# Information shown
+-------+

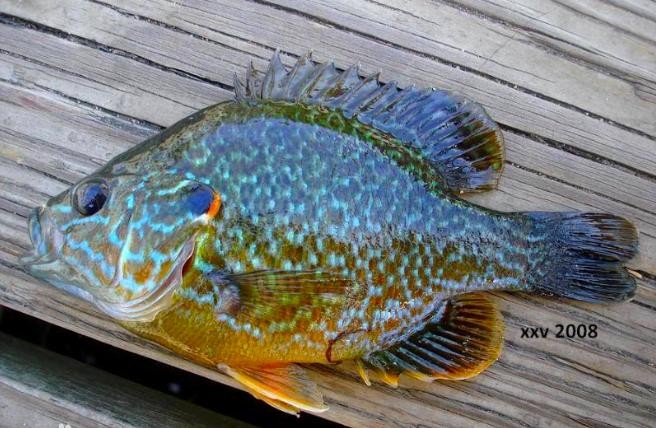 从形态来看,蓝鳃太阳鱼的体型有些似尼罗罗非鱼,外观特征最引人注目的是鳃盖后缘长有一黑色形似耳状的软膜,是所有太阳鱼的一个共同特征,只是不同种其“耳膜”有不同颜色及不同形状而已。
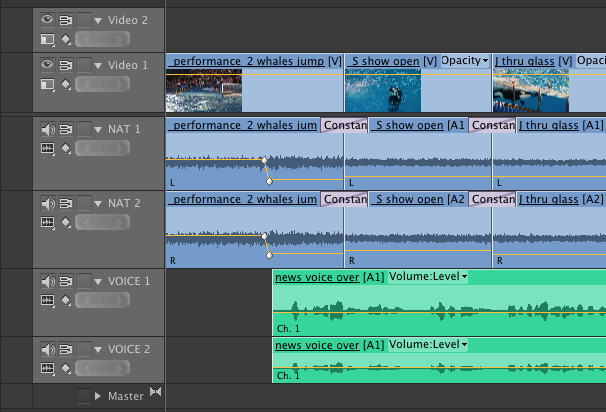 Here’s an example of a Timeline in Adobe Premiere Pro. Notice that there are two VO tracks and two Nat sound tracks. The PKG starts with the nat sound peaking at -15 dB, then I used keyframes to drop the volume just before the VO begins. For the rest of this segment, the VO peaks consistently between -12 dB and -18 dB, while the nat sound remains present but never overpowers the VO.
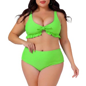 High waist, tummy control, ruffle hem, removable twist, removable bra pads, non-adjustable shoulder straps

+-------+

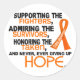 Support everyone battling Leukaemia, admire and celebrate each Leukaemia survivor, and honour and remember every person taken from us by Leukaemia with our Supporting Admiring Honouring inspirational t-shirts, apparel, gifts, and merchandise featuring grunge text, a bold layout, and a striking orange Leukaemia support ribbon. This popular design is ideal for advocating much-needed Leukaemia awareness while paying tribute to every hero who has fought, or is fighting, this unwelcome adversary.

+-------+

# Goal of the exercise
The data above holds the lines to copy: start at the one with "从形态来看,蓝鳃太阳鱼的体型", stop at the one with "High waist, tummy", include both, copy them exactly without pictures, and copy nothing else.

# Exercise result
 从形态来看,蓝鳃太阳鱼的体型有些似尼罗罗非鱼,外观特征最引人注目的是鳃盖后缘长有一黑色形似耳状的软膜,是所有太阳鱼的一个共同特征,只是不同种其“耳膜”有不同颜色及不同形状而已。
 Here’s an example of a Timeline in Adobe Premiere Pro. Notice that there are two VO tracks and two Nat sound tracks. The PKG starts with the nat sound peaking at -15 dB, then I used keyframes to drop the volume just before the VO begins. For the rest of this segment, the VO peaks consistently between -12 dB and -18 dB, while the nat sound remains present but never overpowers the VO.
 High waist, tummy control, ruffle hem, removable twist, removable bra pads, non-adjustable shoulder straps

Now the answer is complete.